**Instructions for the task:**
The lines from the one containing "Un murale nato" through the last one in the data: please copy those exactly, and only those, without the pictures.

**Exercise data:**

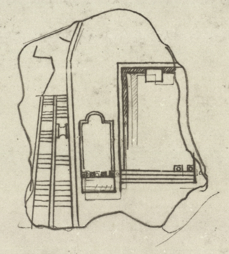 | Description Renaissance drawing Cod. Vat. Lat. 3439 - Fo 20r shows that the lost fragment b depicted part of a large temple (see detailed photo above or PM 1960, pl. 10, no. 7). The drawing seems incomplete: While the rectangular podium with a wide staircase in front is complete, only parts of the cella and the surrounding or frontal colonnade are included. The cella walls are rendered with recessed double lines, as is common on the Marble Plan. A small altar is placed along the rear wall of the cella. This part of the drawing was apparently corrected - an earlier pencil sketch is still visible below the inked lines. Two columns, rendered as dotted squares, are placed in the corner of the platform, along the frontal steps.
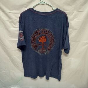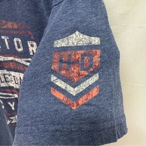 Embrace the classic Harley-Davidson spirit with this blue short sleeve tee, featuring a vintage-style logo that exudes a timeless appeal. Crafted for comfort, this shirt is perfect for casual wear, showcasing the iconic bar and shield design in a distressed finish. In good used condition. No holes or stains. From smoke free home.
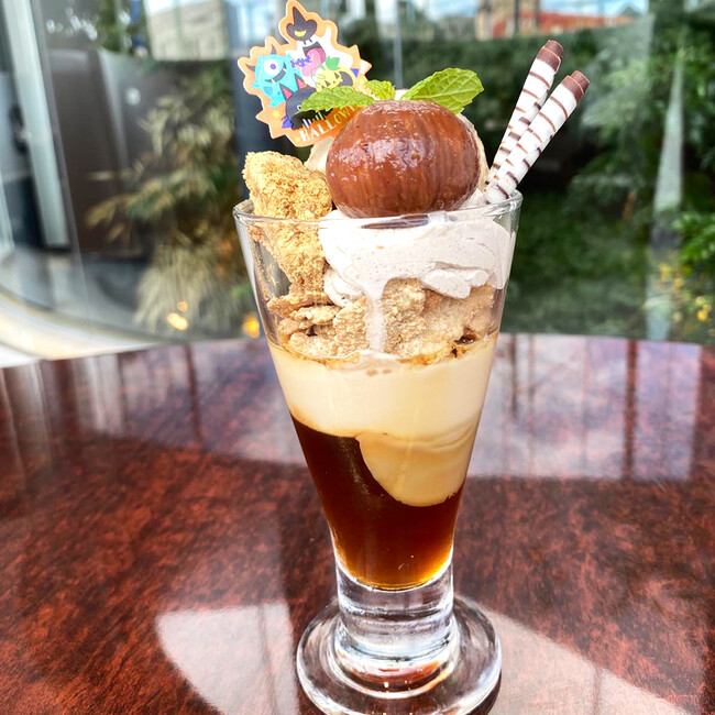手作りの紅茶のゼリーとマロンアイスのハーモニー、わらび餅のアクセントが効いた、秋らしいデザートです。
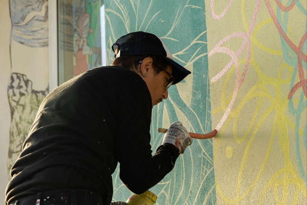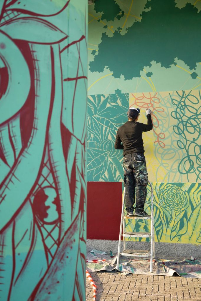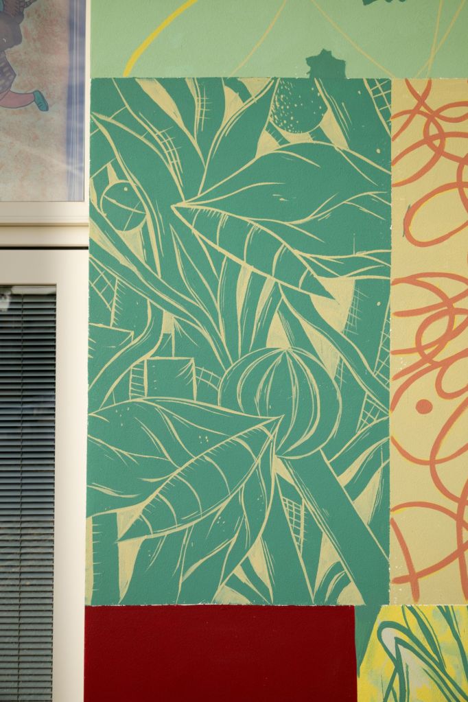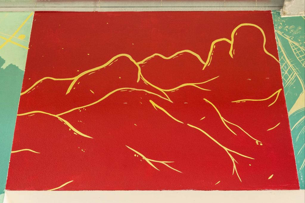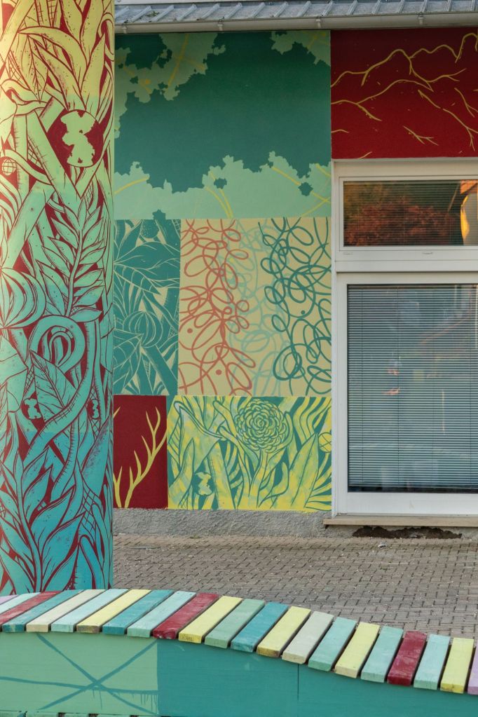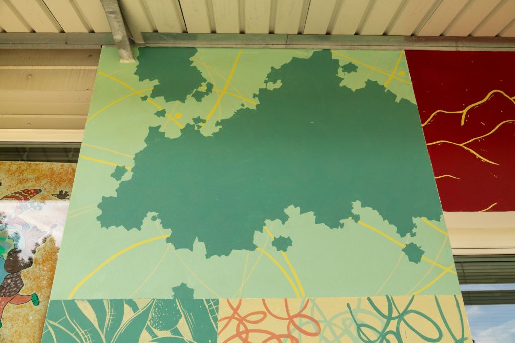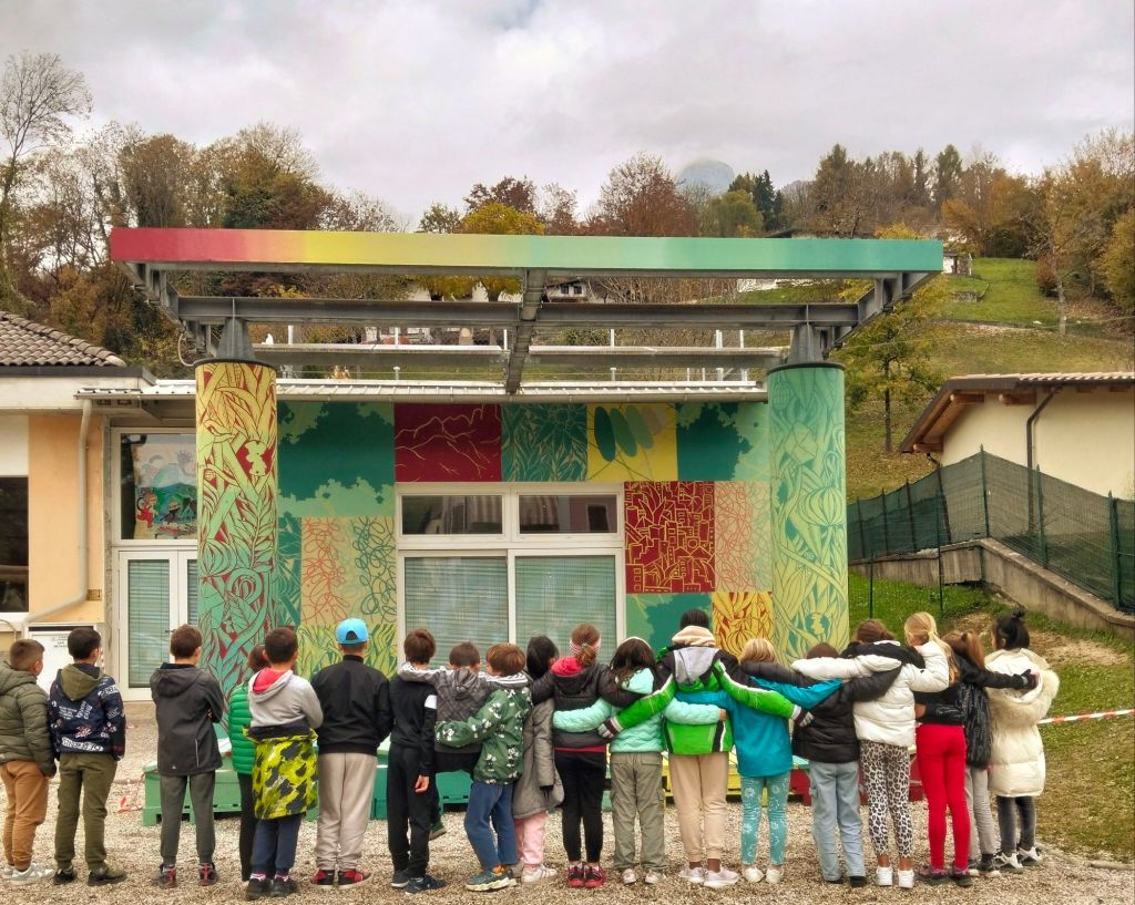 Un murale nato in ascolto del paesaggio delle Dolomiti Bellunesi realizzato a San Gregorio Nelle Alpi nella Scuola Loris Giazzon.
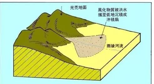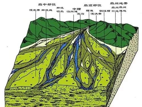 冲积扇是河流出山口处的扇形堆积体。当河流流出谷口时,摆脱了侧向约束,其携带的物质便铺散沉积下来。
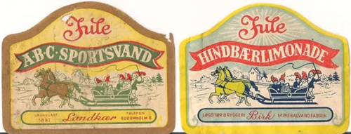 A.B.C. Sportsvand fra Landkær (1896-2011) i Gudumholm og Hindbærlimonade fra Løgstør Bryggeri. Navnet Birk på etiketten til højre refererer til Knud Birk Nielsen, ejer af bryggeriet 1946-75. Samme motiv fra to forskellige mineralvandsfabrikker

**Exercise output:**
 Un murale nato in ascolto del paesaggio delle Dolomiti Bellunesi realizzato a San Gregorio Nelle Alpi nella Scuola Loris Giazzon.
 冲积扇是河流出山口处的扇形堆积体。当河流流出谷口时,摆脱了侧向约束,其携带的物质便铺散沉积下来。
 A.B.C. Sportsvand fra Landkær (1896-2011) i Gudumholm og Hindbærlimonade fra Løgstør Bryggeri. Navnet Birk på etiketten til højre refererer til Knud Birk Nielsen, ejer af bryggeriet 1946-75. Samme motiv fra to forskellige mineralvandsfabrikker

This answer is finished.